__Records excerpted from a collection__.
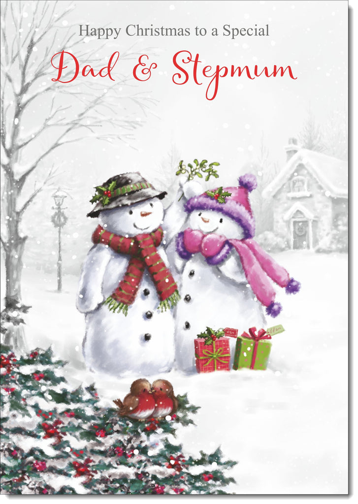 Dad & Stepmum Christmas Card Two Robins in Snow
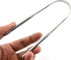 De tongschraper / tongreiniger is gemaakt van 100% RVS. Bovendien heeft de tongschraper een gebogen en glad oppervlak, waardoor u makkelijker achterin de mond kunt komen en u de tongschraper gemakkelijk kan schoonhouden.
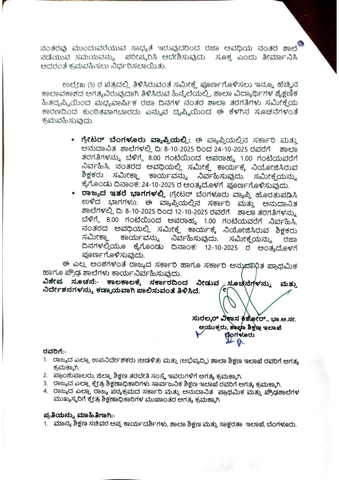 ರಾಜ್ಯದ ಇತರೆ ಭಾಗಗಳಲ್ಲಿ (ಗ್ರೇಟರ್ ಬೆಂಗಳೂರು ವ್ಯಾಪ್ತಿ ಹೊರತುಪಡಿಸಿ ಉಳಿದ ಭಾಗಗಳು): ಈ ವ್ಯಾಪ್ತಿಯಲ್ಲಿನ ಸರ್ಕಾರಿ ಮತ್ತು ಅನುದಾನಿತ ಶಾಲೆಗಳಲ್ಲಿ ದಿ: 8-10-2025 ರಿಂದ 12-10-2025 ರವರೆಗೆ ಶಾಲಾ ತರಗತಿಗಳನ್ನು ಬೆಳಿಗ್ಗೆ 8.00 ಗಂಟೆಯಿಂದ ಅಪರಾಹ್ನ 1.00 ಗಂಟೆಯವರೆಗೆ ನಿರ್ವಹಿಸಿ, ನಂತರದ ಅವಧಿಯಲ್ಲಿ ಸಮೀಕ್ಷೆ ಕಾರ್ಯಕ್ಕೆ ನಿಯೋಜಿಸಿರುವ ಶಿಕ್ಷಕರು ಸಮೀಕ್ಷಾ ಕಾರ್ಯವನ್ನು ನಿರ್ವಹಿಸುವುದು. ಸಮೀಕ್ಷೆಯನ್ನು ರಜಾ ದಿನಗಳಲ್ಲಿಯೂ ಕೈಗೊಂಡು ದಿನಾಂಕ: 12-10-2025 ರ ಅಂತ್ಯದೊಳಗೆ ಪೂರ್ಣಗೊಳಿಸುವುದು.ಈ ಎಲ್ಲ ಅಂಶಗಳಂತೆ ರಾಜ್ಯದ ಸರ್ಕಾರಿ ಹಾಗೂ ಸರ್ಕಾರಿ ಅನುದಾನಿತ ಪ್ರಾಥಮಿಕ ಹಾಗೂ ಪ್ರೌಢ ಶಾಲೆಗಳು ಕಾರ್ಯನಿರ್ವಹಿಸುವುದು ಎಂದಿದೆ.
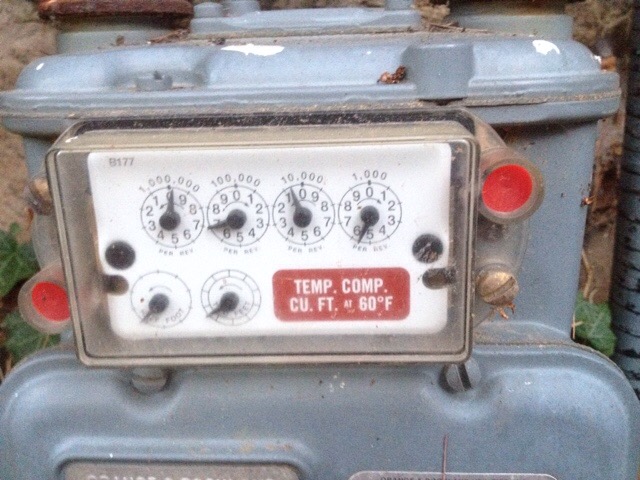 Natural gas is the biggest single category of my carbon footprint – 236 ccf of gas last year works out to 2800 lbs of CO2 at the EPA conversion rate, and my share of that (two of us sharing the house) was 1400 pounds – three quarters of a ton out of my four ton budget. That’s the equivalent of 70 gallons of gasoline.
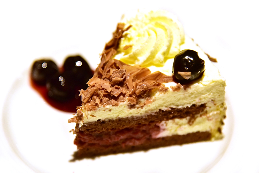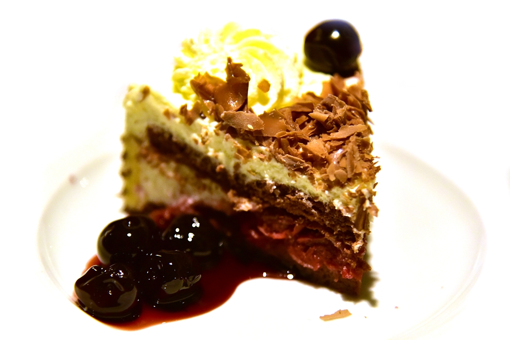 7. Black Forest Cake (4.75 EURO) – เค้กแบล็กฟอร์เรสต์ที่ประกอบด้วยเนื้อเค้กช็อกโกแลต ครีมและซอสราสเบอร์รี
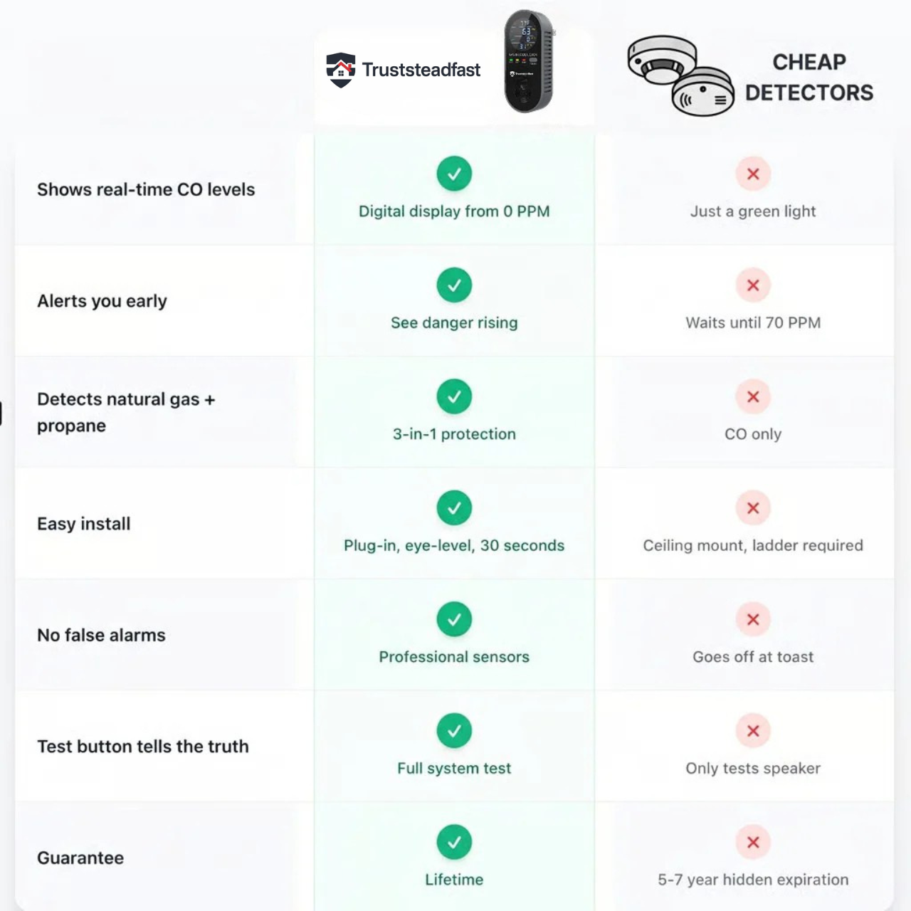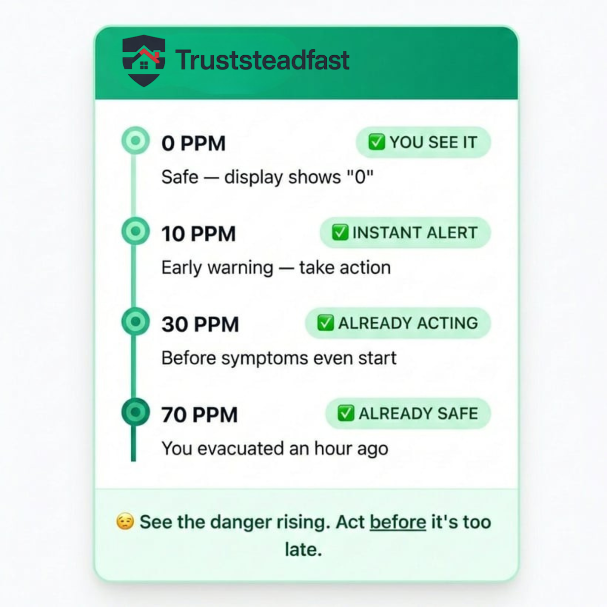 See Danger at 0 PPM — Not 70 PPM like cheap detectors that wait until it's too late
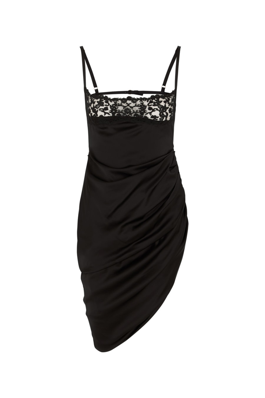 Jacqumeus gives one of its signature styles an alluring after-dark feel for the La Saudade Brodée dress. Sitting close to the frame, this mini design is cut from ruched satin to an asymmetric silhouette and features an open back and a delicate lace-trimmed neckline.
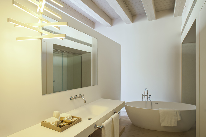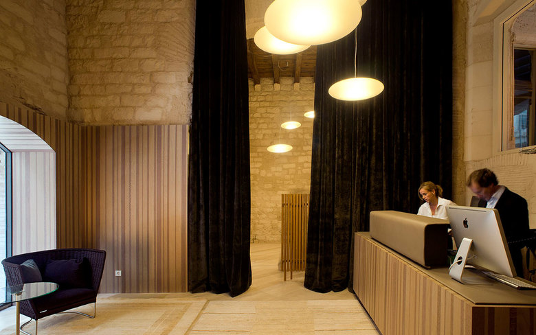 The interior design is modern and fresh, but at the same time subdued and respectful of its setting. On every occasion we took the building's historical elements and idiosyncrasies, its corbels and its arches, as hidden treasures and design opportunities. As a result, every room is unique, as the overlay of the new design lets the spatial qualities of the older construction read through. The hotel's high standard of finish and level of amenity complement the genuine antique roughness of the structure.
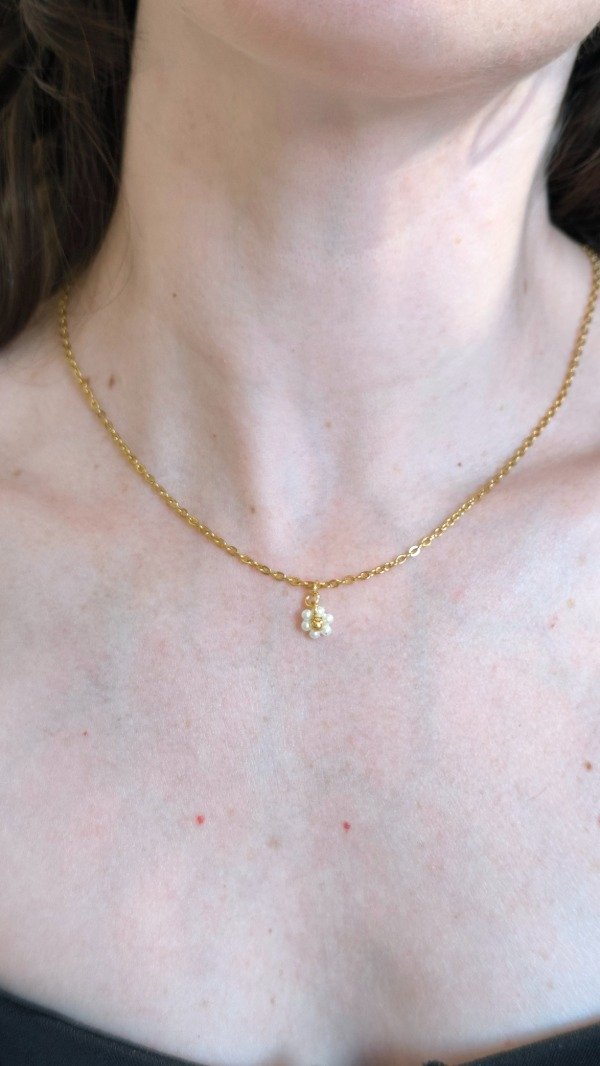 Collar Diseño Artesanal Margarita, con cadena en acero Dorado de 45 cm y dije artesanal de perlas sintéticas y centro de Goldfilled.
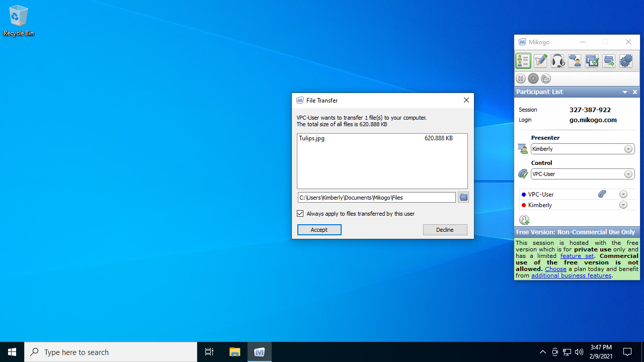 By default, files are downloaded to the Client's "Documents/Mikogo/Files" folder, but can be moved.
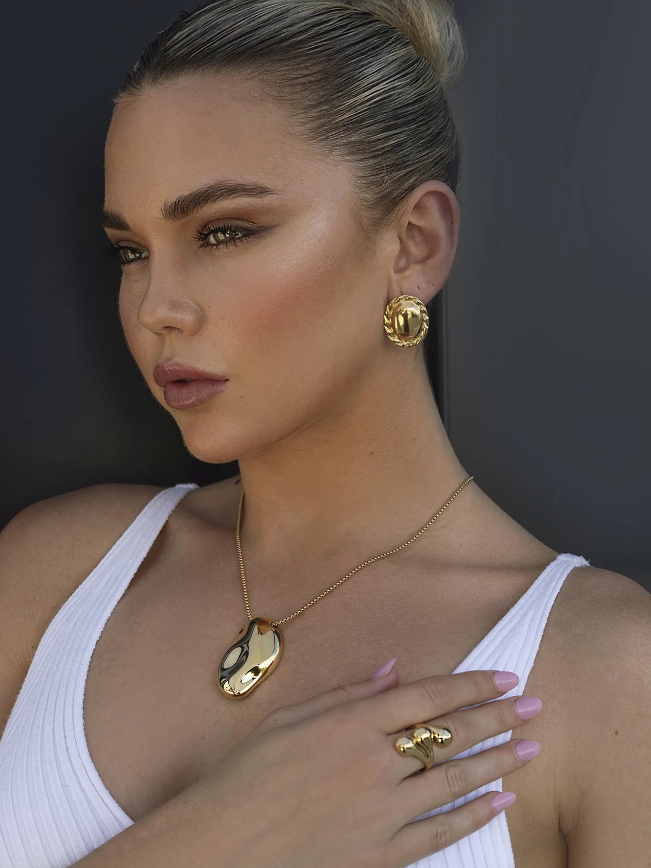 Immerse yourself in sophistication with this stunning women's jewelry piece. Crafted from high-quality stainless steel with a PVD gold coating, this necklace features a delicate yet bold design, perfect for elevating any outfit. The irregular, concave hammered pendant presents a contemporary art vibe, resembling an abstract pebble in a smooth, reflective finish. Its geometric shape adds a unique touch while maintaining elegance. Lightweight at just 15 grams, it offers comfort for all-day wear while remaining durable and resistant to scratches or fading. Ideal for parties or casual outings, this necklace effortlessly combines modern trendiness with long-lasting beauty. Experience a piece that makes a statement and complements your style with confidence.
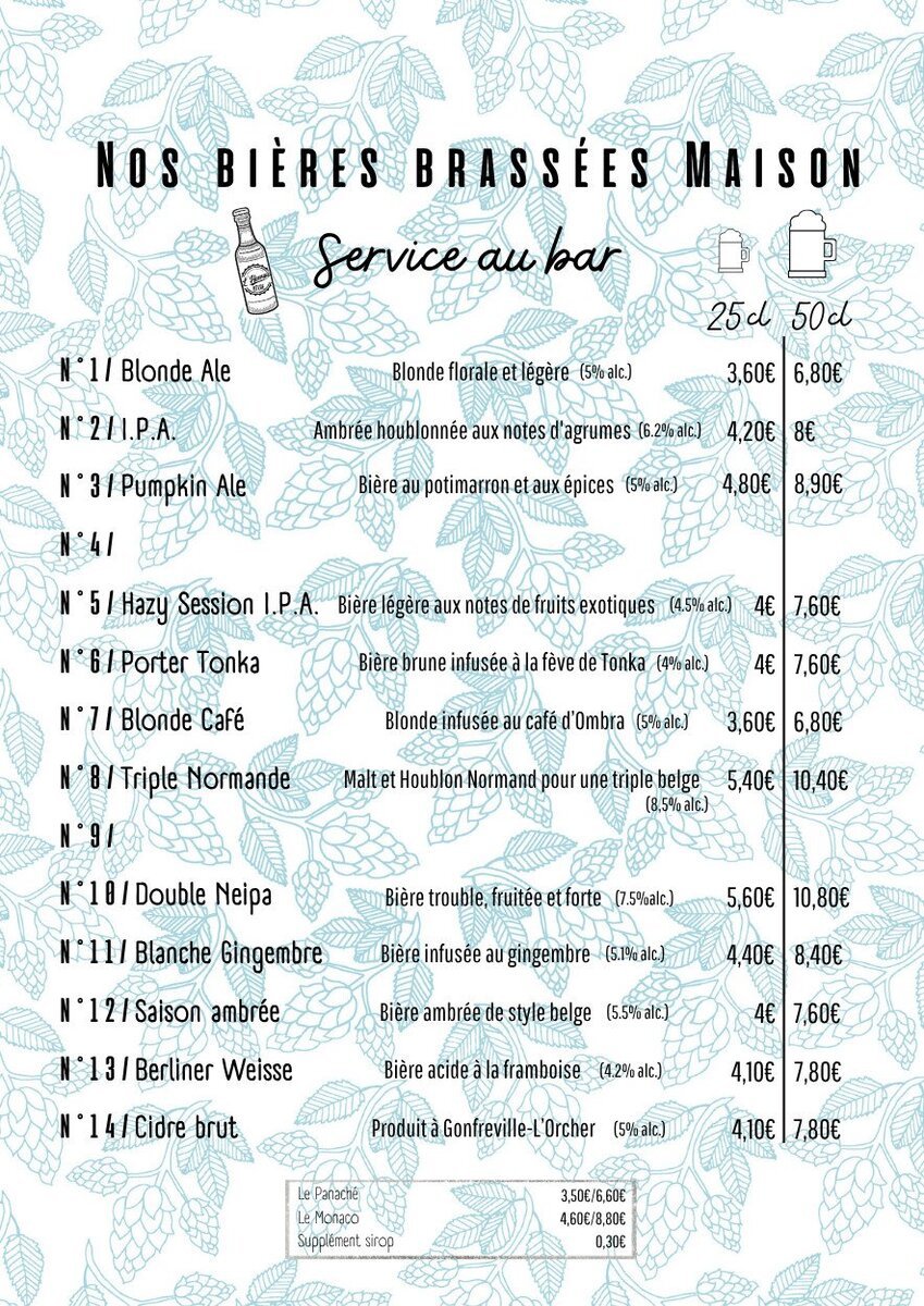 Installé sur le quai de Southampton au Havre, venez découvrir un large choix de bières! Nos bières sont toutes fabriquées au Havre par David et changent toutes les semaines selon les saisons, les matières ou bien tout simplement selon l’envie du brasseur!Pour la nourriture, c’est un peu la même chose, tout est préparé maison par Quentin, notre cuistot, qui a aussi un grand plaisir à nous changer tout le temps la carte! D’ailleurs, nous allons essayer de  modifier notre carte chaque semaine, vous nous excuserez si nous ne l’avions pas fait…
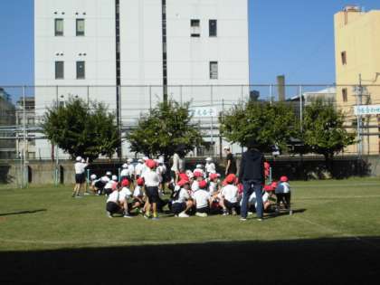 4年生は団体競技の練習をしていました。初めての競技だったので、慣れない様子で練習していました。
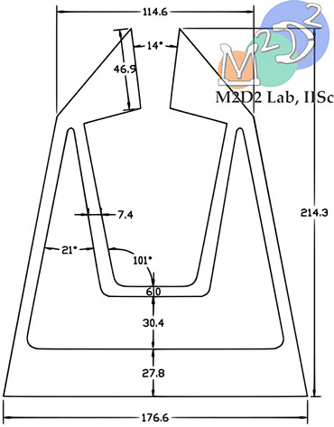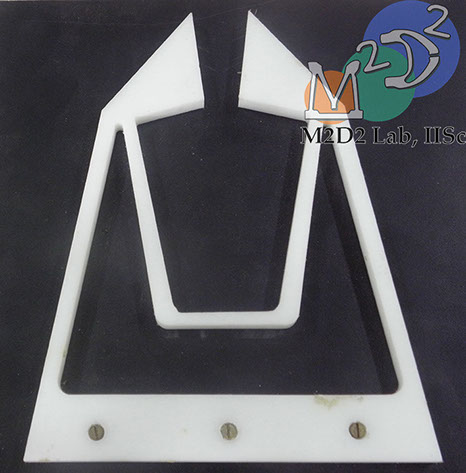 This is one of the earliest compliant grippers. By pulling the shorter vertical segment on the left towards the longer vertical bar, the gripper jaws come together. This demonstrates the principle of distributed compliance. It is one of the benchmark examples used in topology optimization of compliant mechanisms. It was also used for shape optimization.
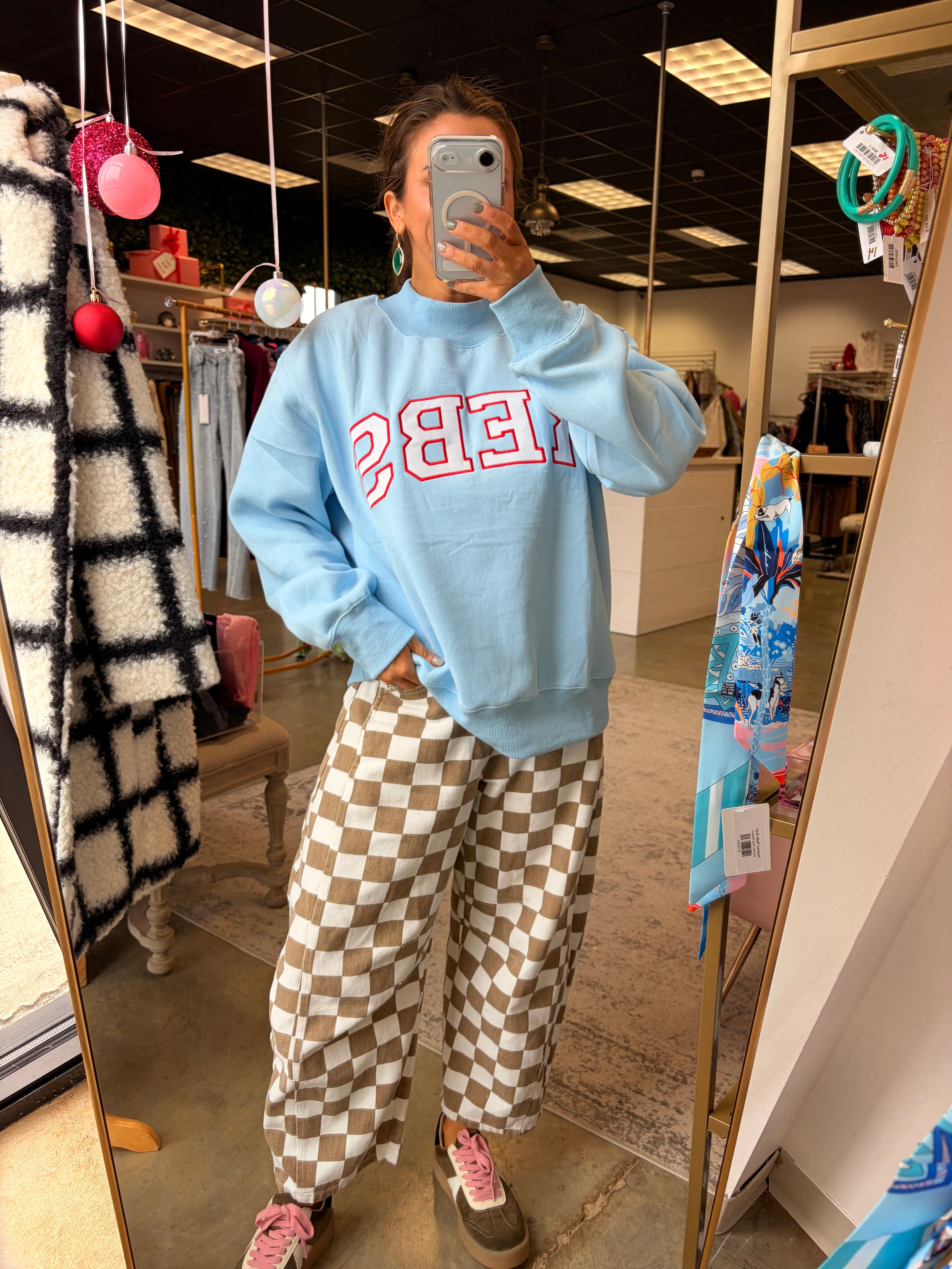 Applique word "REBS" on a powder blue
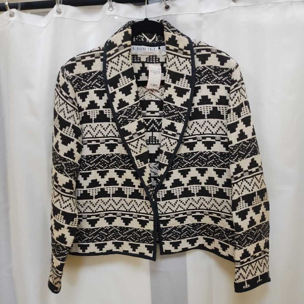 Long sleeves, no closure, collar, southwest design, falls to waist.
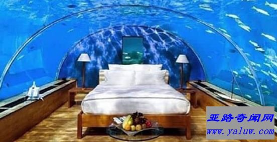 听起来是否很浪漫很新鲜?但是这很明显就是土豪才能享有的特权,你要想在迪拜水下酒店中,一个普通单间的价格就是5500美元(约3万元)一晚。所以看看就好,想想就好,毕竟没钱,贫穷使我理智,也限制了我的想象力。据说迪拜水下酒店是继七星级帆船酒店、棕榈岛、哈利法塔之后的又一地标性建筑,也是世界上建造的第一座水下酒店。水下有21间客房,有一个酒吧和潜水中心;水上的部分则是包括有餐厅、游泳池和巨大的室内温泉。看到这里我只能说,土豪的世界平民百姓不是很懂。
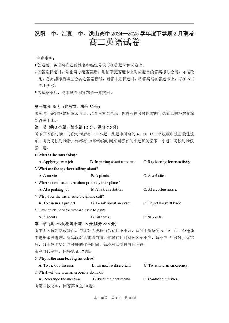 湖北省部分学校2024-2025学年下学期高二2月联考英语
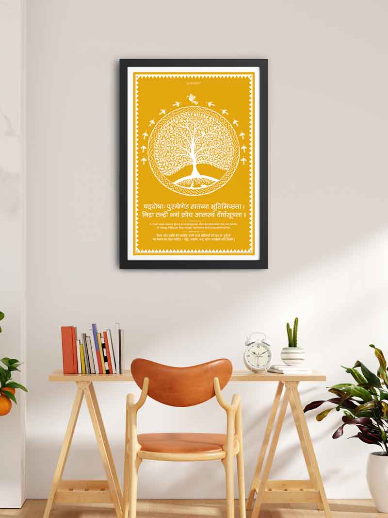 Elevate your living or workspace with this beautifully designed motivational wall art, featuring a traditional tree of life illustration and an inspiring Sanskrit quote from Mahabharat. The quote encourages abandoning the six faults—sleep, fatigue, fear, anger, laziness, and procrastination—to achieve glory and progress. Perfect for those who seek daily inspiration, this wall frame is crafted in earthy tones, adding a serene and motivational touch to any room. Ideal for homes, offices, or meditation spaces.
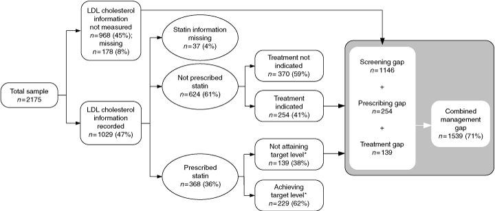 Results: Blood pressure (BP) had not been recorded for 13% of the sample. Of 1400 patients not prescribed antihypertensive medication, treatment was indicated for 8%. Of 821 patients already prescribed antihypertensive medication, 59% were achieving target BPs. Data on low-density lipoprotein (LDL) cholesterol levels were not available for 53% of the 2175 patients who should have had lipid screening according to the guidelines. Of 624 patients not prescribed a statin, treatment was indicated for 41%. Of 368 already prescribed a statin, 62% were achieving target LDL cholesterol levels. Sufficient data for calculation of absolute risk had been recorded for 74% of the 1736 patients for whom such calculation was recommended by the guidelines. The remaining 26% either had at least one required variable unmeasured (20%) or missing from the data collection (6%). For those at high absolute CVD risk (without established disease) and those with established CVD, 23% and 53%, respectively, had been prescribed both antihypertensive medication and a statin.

__What you should do__. Using the data above, return the lines from the one holding "Installé sur le" through the one holding "湖北省部分学校2024-2025学年下学期高二2月联考英语" exactly, but not the pictures.

__Completed task__.
 Installé sur le quai de Southampton au Havre, venez découvrir un large choix de bières! Nos bières sont toutes fabriquées au Havre par David et changent toutes les semaines selon les saisons, les matières ou bien tout simplement selon l’envie du brasseur!Pour la nourriture, c’est un peu la même chose, tout est préparé maison par Quentin, notre cuistot, qui a aussi un grand plaisir à nous changer tout le temps la carte! D’ailleurs, nous allons essayer de  modifier notre carte chaque semaine, vous nous excuserez si nous ne l’avions pas fait…
 4年生は団体競技の練習をしていました。初めての競技だったので、慣れない様子で練習していました。
 This is one of the earliest compliant grippers. By pulling the shorter vertical segment on the left towards the longer vertical bar, the gripper jaws come together. This demonstrates the principle of distributed compliance. It is one of the benchmark examples used in topology optimization of compliant mechanisms. It was also used for shape optimization.
 Applique word "REBS" on a powder blue
 Long sleeves, no closure, collar, southwest design, falls to waist.
 听起来是否很浪漫很新鲜?但是这很明显就是土豪才能享有的特权,你要想在迪拜水下酒店中,一个普通单间的价格就是5500美元(约3万元)一晚。所以看看就好,想想就好,毕竟没钱,贫穷使我理智,也限制了我的想象力。据说迪拜水下酒店是继七星级帆船酒店、棕榈岛、哈利法塔之后的又一地标性建筑,也是世界上建造的第一座水下酒店。水下有21间客房,有一个酒吧和潜水中心;水上的部分则是包括有餐厅、游泳池和巨大的室内温泉。看到这里我只能说,土豪的世界平民百姓不是很懂。
 湖北省部分学校2024-2025学年下学期高二2月联考英语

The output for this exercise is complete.